One of our biggest weed issues is Canada thistle, a gnarly, very hardy plant that spreads both from seed production (seed blows in from ditches and our perennial native and poplar stoolbeds) and more persistently, by rhizome- an underground root network that is long lived and will continue to send up new shoots, even if the above ground green growth is pulled. When planting cash crops over the years, we have done our best to mow, hand pull, and mechanically kill the thistle.
Despite our best efforts, the thistle has spread each year in particular fields, often completely blanketing sections, causing low yields and painful harvests. We reached the breaking point probably last year in realizing that to continue farming some of these areas, we needed a longer-term management solution that could actually start to remove the thistle. Thankfully Corrie arrived this year, ready to tackle complex farming problems, and she has been researching, planning, and beginning to implement a thistle control strategy. I am going to ask her to share more about this in a future newsletter, because it's quite interesting and gets to the heart of long-term sustainability of ecosystems that are managed without chemical weed control. It also gets to the heart of the overall sustainability of our farm, and not just green-washed sustainability, but in the truest sense of the three part concept- ecological, economic and social- just ask our crew who has to continually weed around, harvest around and deal with lower than expected yields in harvest plans.

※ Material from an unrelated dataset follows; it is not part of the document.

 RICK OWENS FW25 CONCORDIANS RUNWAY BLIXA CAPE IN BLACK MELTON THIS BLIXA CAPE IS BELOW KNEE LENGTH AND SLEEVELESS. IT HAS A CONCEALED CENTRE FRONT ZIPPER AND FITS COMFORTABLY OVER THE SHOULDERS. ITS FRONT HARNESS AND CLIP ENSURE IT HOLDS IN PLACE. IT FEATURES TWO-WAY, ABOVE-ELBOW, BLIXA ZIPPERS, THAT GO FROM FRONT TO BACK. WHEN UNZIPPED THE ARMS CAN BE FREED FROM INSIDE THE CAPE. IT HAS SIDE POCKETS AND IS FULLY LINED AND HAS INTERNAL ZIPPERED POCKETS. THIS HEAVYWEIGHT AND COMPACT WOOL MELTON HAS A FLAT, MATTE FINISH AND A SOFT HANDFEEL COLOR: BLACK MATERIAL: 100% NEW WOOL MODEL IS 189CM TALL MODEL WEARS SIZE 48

Basically, it's impossible to eradicate Canada thistle unless you fallow, cover-crop, tarp, or a combination of the three, all which requires a well designed plan, time, and material resources without any revenue return, and most awesomely- because farming is always hard due to the mother nature's complexity- we don't even know how long these strategies will take nor if they will ultimately work!
As organic farmers, we are already dedicated to feeding the soil with covercrops, resting fields when possible, and rotating plant families, but with a critical mass of clubroot and thistle issues, plus other complicating factors, we have found our current certified organic land base is not sustainable nor is it allowing us to manage the land in the way we believe is right or is economically viable. Thus we made the difficult decision to plant crops in the new transitional 5 acre area and do our best to communicate to our CSA members, Farm Stand and market customers which crops these were and why we felt this decision was right for the long-term viability of the farm and our business. Hence you will see some crops listed as transitional in the box contents list and at our SSM booth and Farm Stand.

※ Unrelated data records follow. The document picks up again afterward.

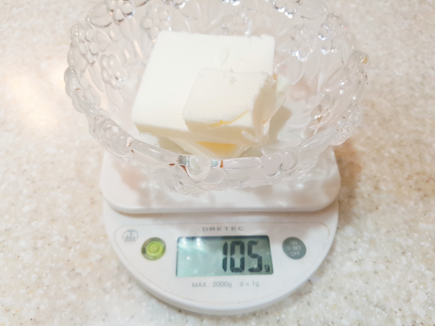 버터를 약 114g 정도 준비하고~ 원래는 중탕을 해서 녹여줘야 되는데요 저는 그냥 전자레인지에 넣어서 녹여 줬어요^^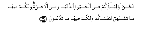 31. Sisi ni vipenzi vyenu katika maisha ya dunia na katika Akhera,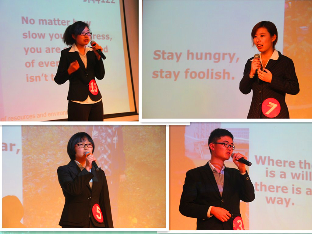 本次演讲比赛分四个环节,分别是选手自我介绍、主题演讲、随机抽题以及评委问答。14位经初赛选拔出来的同学在一番流利的自我介绍后,分别就“opportunities and challenges”为主题展开一番演讲。其中,五号选手王丽红,凭借自己出色的临场发挥以及从容的场面作答,赢来在场观众的几片喝彩。

This land is being managed the same as our organic crops, but it will not be officially certifiable by Oregon Tilth until the fall of 2018. Since we were neighbors to the conventional farming, we were also able to obverse their management, which was not chemically intensive.
If you would like more information about the land history, or have any concerns, please email at firstname.lastname@example.org. We know that people choose organic produce for a variety of reasons and we take the fact we grow your food very seriously.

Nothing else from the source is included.